-- Exercise data follows --

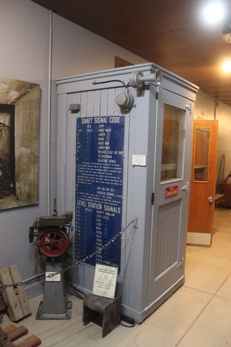 This telephone booth looking structure was just that, a telephone booth. It was sound proofed to a very high degree so that telephone calls could be made in a very noisy mine environment. Is that horn mounted on the upper corner of the booth the ringer for the phone?
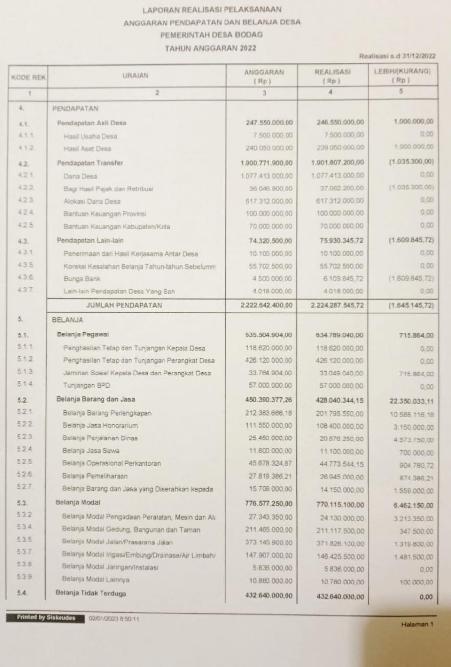 Komentar atas LAPORAN REALISASI PELAKSANAAN APBDes TA.2022
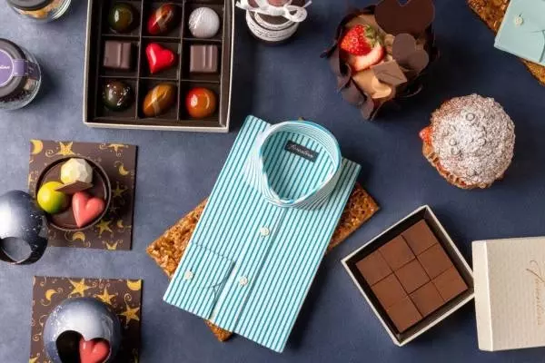 目を惹くのは、本物と見紛うほど精巧な作りの「ドレスシャツ チョコレート」。ボタンの縫い目や襟の細部まで、忠実に再現している。ホワイトチョコレートをベースにしており、土台にはキャラメリゼしたカリカリ食感のナッツとビターチョコレートを合わせた「フィオレンティーナ」を敷いている。ライトブルーの無地と、ストライプの2種類が揃うので、いつも仕事を頑張っているお父さんや恋人へのギフトにもおすすめとなっている。
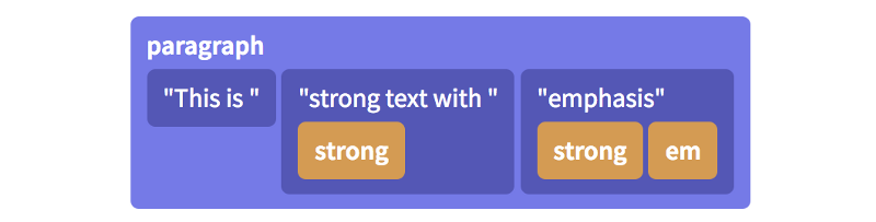 这种树状结构有趣的例外在于段落节点编纂文本的方式。考虑由以下句子组成的段落,“This is strong text with emphasis”。
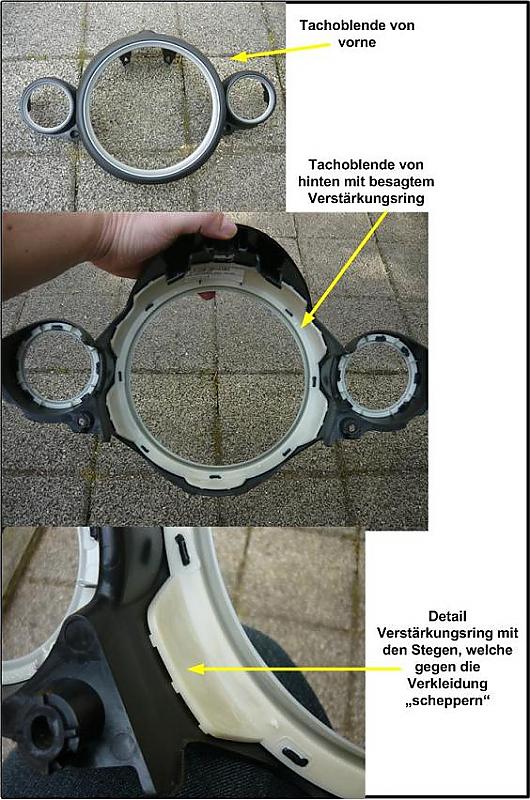 Verstärkungsstreben (weiß) hinter der Abdeckung mit Tape abgeklebt........siehe Bilder...........
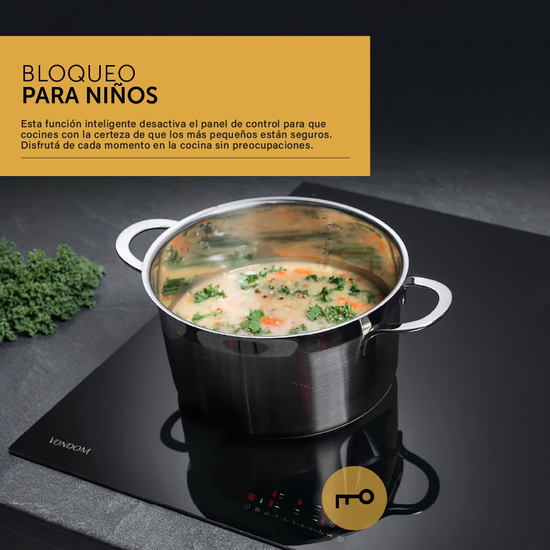 Eltemporizador inteligente, elapagado de seguridad, elbloqueo para niñosyla alerta de calor residual, garantizan una cocina segura y funcional.
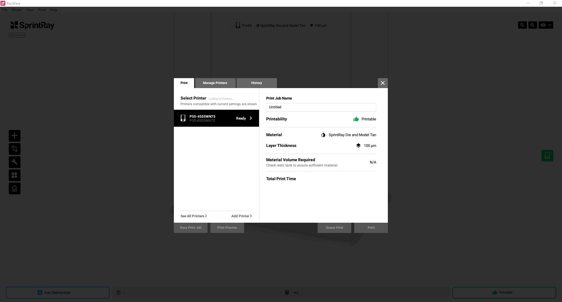 Выбираем файл модели в меню Print и можем оценить длительность печати – 1.17 минут. Вполне неплохо, учитывая объем модели. Кстати, загруженный материал вы устанавливаете самостоятельно при настройке устройства и подборе параметров в слайсере. SprintRay работает с прямой загрузкой полимера в кювету, без хитрых картриджных систем. Тем не менее, профили для всех поддерживаемых материалов вшиты в прошивку и слайсер по умолчанию.
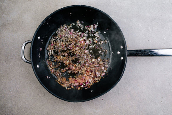 Die Zwiebeln schälen, halbieren, fein würfeln und in einer kleinen Pfanne mit 1TL Olivenöl bei mittlerer Hitze 5–8Min. sanft anbraten. Ggf. etwas Wasser hinzugeben, damit die Zwiebeln nicht anbrennen.
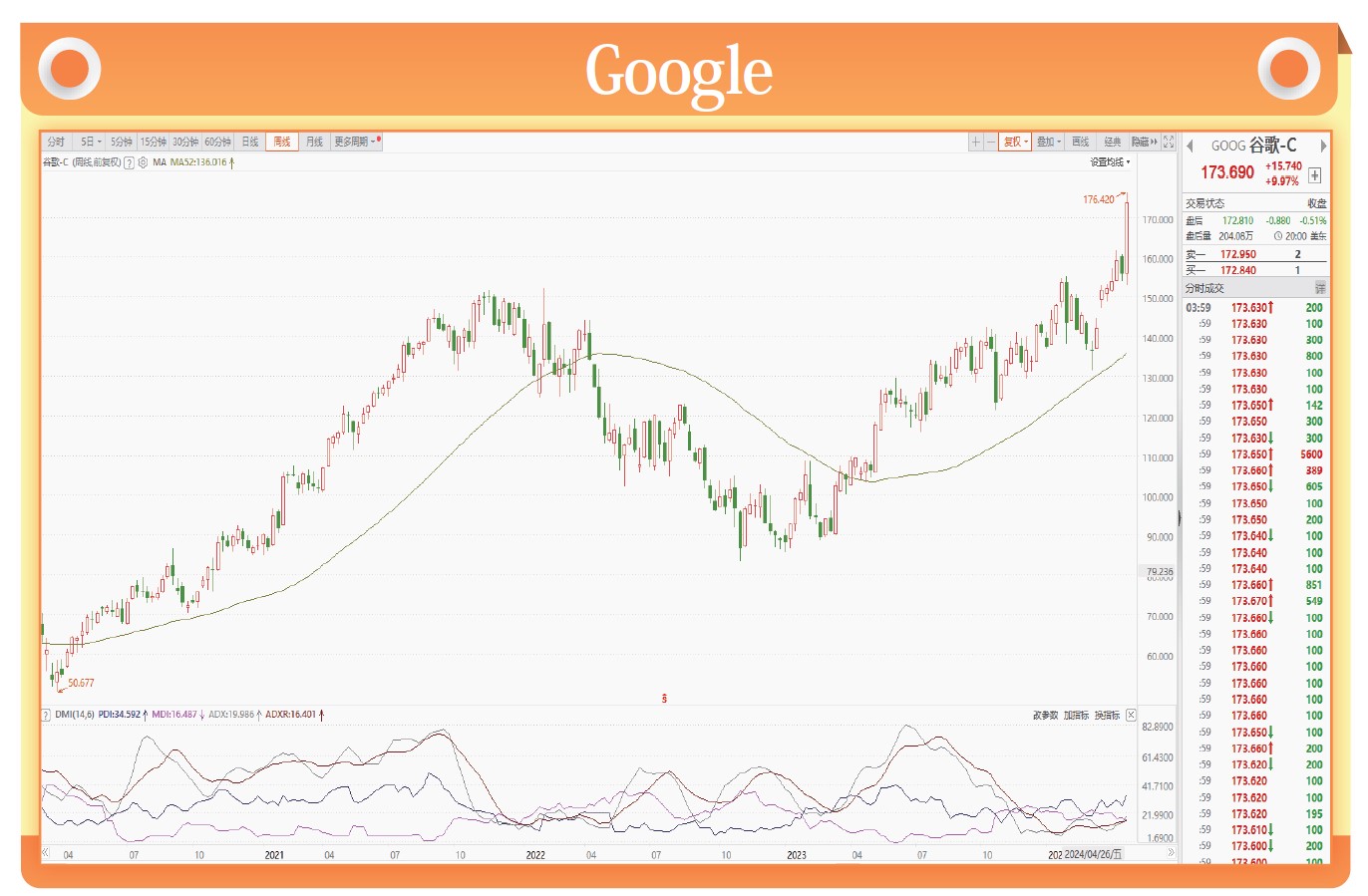 另一個AI巨人的谷歌,母公司Alphabet因雲端計算成長,獲利成長57%,同時宣布發放每股二十美分股利,並且計畫未來每季都發放現金股利,另外要回購七百億美元股票,4月26日收盤大漲+9.97%。
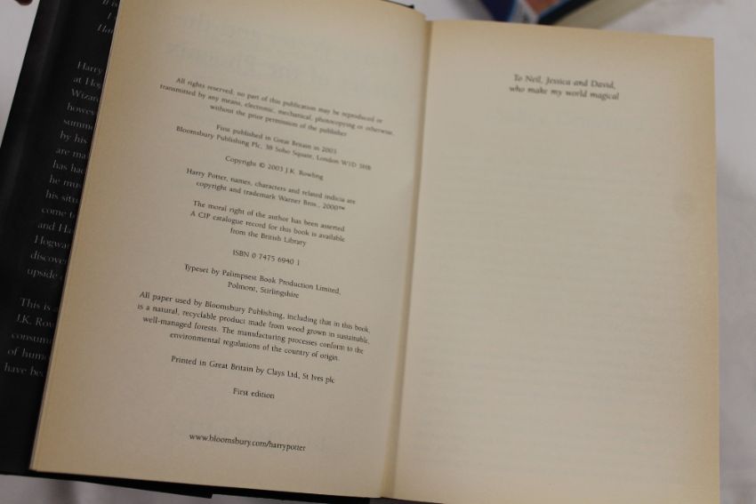 FIVE BOOKS BY J K ROWLING TO INCLUDE FOUR HARRY POTTER EXAMPLES

-- Exercise data concluded --

> [Goal of the exercise] Return word for word the lines from the beginning of the entries through the line that contains "Verstärkungsstreben (weiß) hinter", both ends included, but no pictures.

> [Solution to this problem]
 This telephone booth looking structure was just that, a telephone booth. It was sound proofed to a very high degree so that telephone calls could be made in a very noisy mine environment. Is that horn mounted on the upper corner of the booth the ringer for the phone?
 Komentar atas LAPORAN REALISASI PELAKSANAAN APBDes TA.2022
 目を惹くのは、本物と見紛うほど精巧な作りの「ドレスシャツ チョコレート」。ボタンの縫い目や襟の細部まで、忠実に再現している。ホワイトチョコレートをベースにしており、土台にはキャラメリゼしたカリカリ食感のナッツとビターチョコレートを合わせた「フィオレンティーナ」を敷いている。ライトブルーの無地と、ストライプの2種類が揃うので、いつも仕事を頑張っているお父さんや恋人へのギフトにもおすすめとなっている。
 这种树状结构有趣的例外在于段落节点编纂文本的方式。考虑由以下句子组成的段落,“This is strong text with emphasis”。
 Verstärkungsstreben (weiß) hinter der Abdeckung mit Tape abgeklebt........siehe Bilder...........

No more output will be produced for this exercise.